Polysaccharide conformations measured by solution state x-ray scattering

TL;DR

This paper demonstrates that high-quality solution-state x-ray scattering can now measure polysaccharide conformations, revealing local chain structures in solution previously only accessible via solid-state methods.

Contribution

It introduces a method to determine polysaccharide conformations in solution using synchrotron x-ray scattering, expanding structural analysis capabilities.

Findings

Conformation-dependent features can be measured in solution.

The technique is applicable to stiff glycosidic linkages.

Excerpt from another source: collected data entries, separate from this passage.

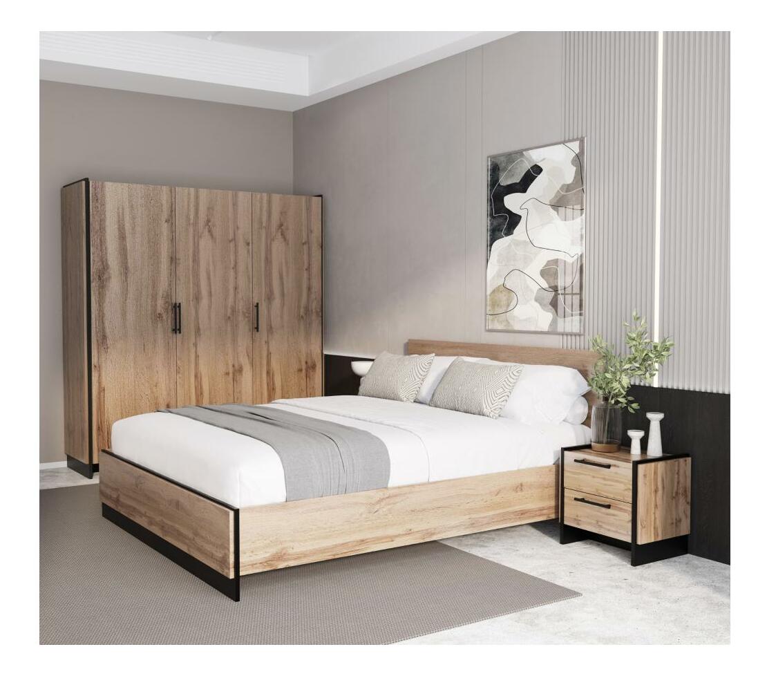 - Design contemporan: Contrastul dintre lemnul cald în nuanța stejar wotan și accentele negre conferă un aer potrivit pentru decoruri industriale, scandinave sau minimaliste.
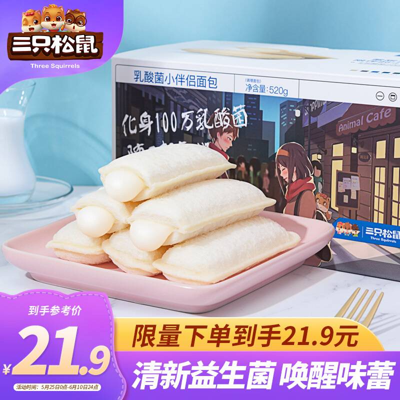 三只松鼠乳酸菌小伴侣面包 蛋糕糕点520g/箱
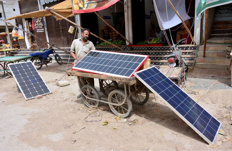A view of solar panels installed outside shop for providing a renewable energy source at fruit market
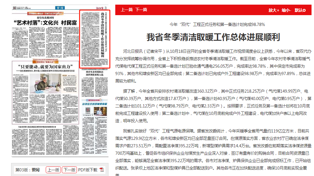河北日报讯(记者宋平)从10月18日召开的全省冬季清洁取暖工作视频调度会议上获悉,今年以来,省双代办充分发挥统筹协调作用,全省上下积极稳妥推进农村冬季清洁取暖工作。截至目前,全省今年农村冬季清洁取暖气代煤电代煤工程正式任务和第一备选计划已验收通气通电256.05万户,完成率达98.78%,其中保定市完成率为93%,其他市和雄安新区均已全部完成;第二备选计划已完成户外工程建设98.98万户,完成率为97.89%,总体进展较为顺利。
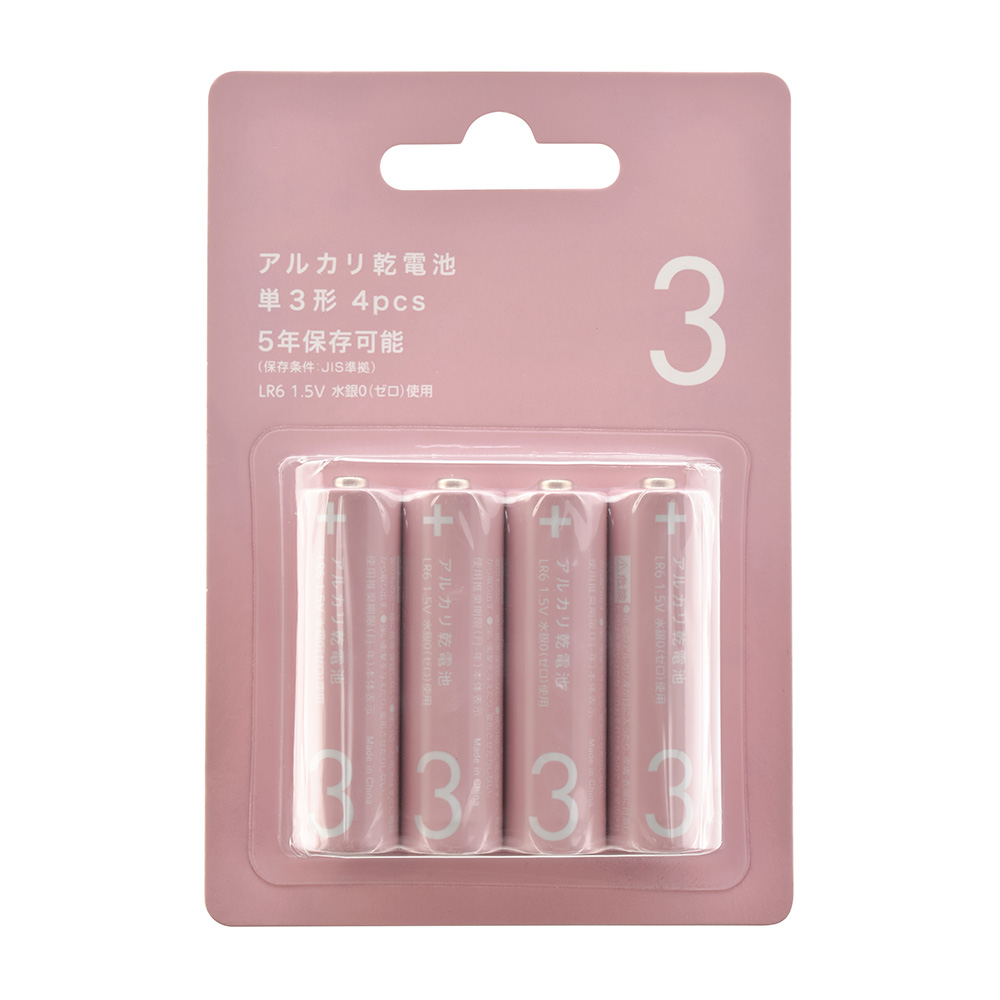 アルカリ乾電池 単3形 4本パック ピンク [品番]08-4168
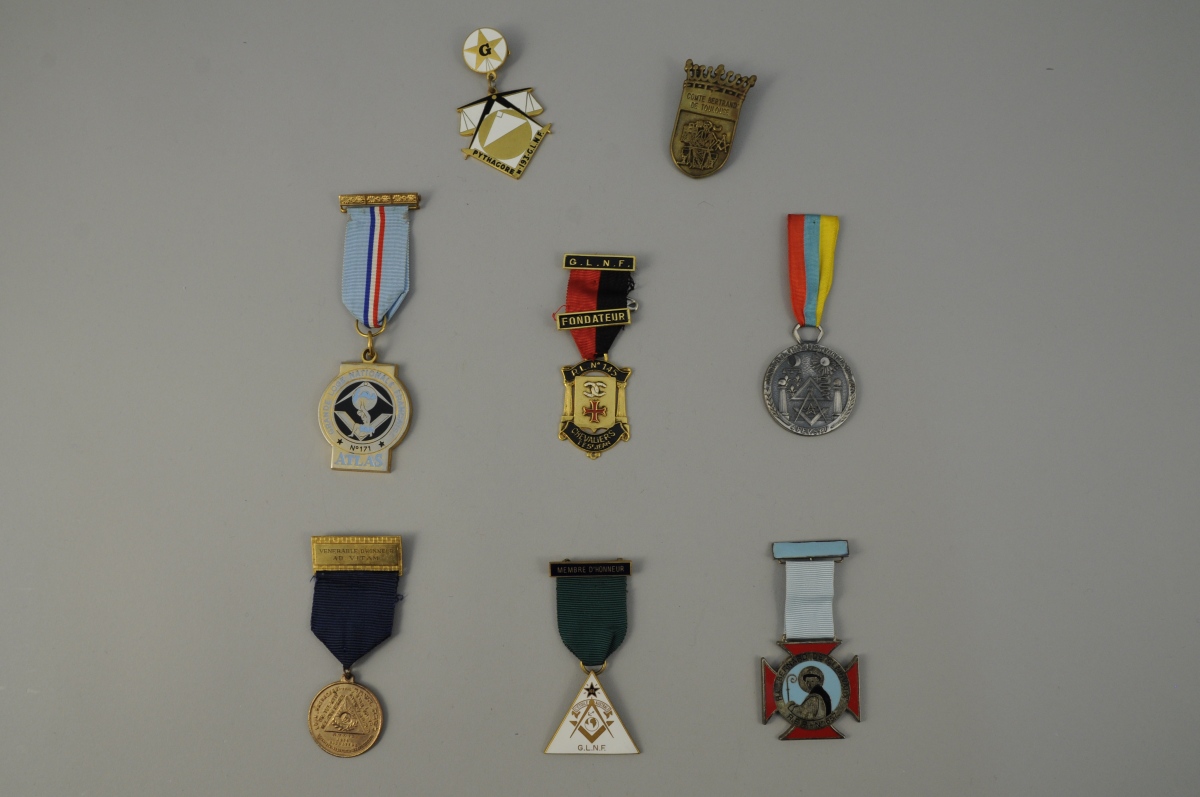 LOT de HUIT MÉDAILLES françaises. Loges Chevaliers de Saint Jean, Bernard de Clairvaux, Charles d'Orléans, Comte Bertrand de Toulouse, Din Israel, Atlas, L'Étoile Australe et Pythagore. Bronze, cuivre, métal doré, argenté et émail. Rubans. XXème. Haut. 59 mm, pour la plus grande.
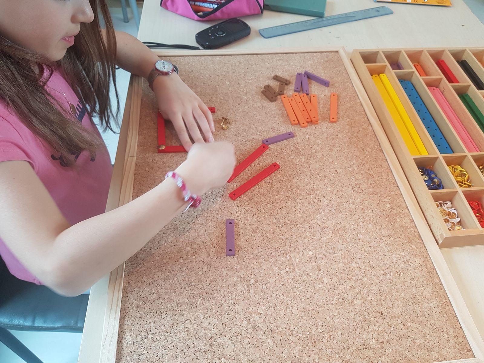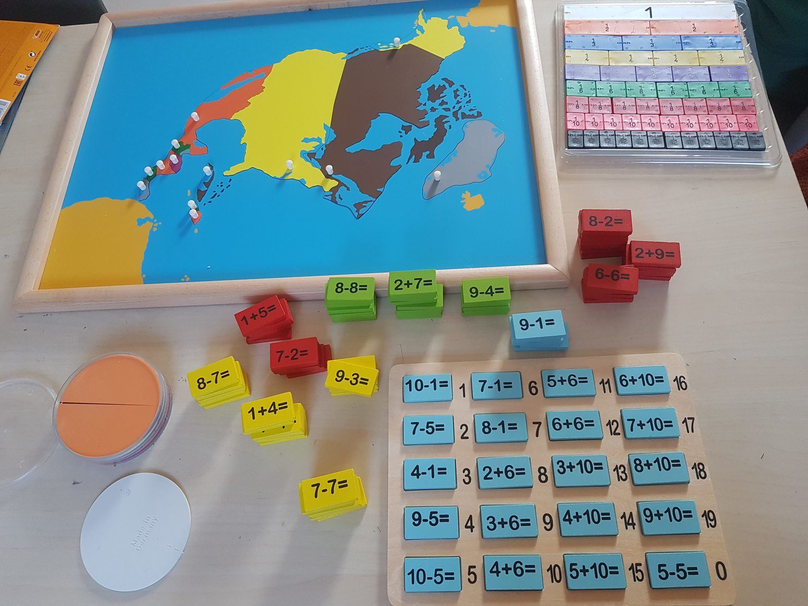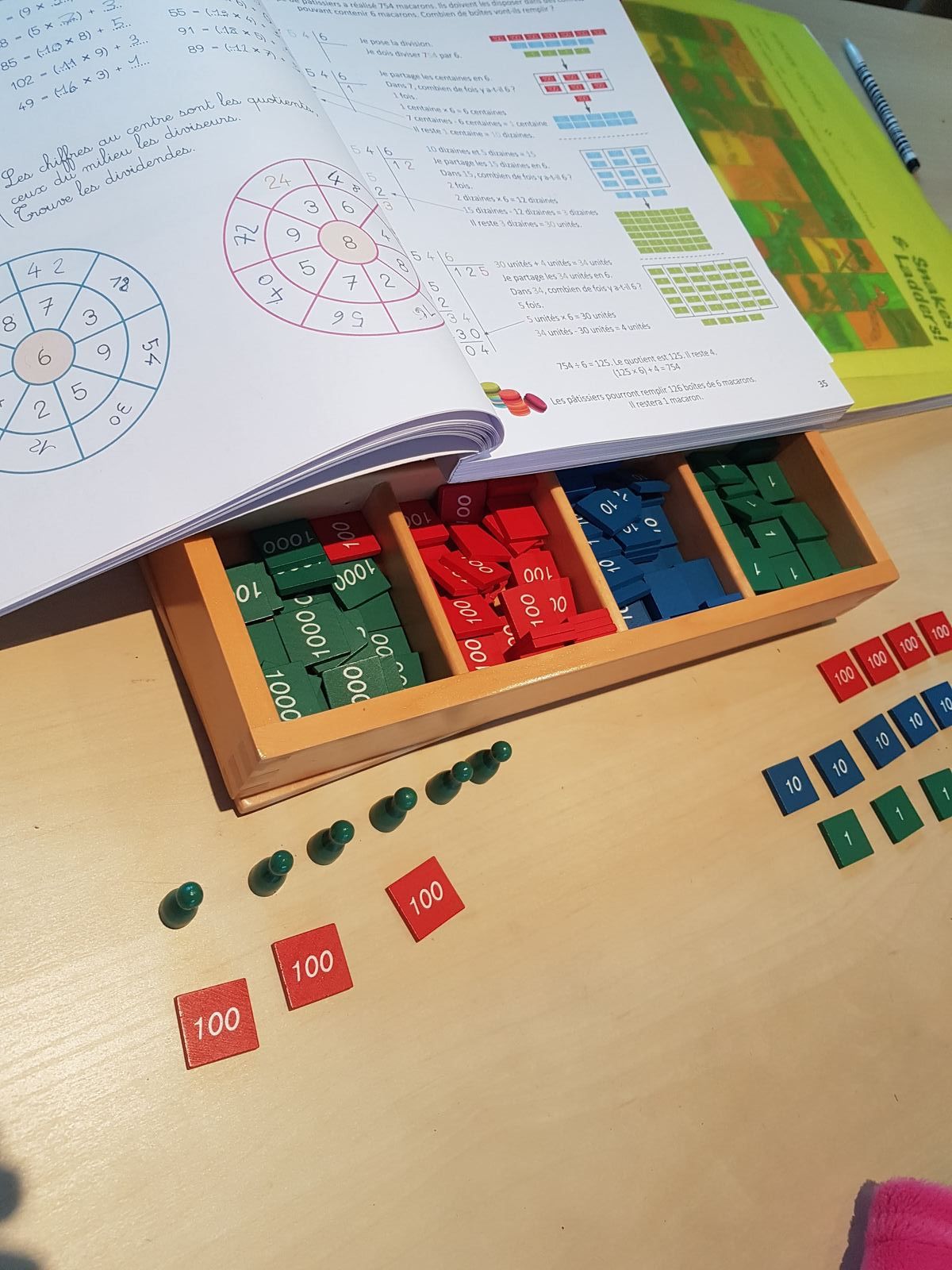J'ai acheté un nouveau matériel (qui n'est pas un matériel typiquement Montessori, même s'il est vendu comme tel), pour qu'Alana continue à travailler le calcul mental, parce que ce n'est pas son fort. Elle a pourtant suivi toutes les étapes de mémorisation de l'addition Montessori, mais elle continue à compter sur ses doigts.

Potential relevance for glycosylated proteins.

Abstract

Polysaccharides are semi-flexible polymers composed of sugar residues with a myriad of important functions including structural support, energy storage and immunogenicity. The local conformation of such chains is a crucial factor governing their interactions, where the relative orientation of adjacent sugar rings determines the propensity for hydrogen bonding and specific ion-mediated interactions with neighbouring chains. Traditionally this conformation has only been directly accessible in the solid-state, using crystallographic techniques such as fibre diffraction. Herein it is demonstrated that improvements in the quality of synchrotron-based x-ray scattering data means that conformation-dependent features, the positions of which are related to the linear repeating distance between single saccharide monomers, can now be measured in solution. This technique is expected to be universally applicable for polysaccharides that consist of comparatively stiff glycosidic linkages, and to have extensive relevance for a number of biological macromolecules, including glycosylated proteins.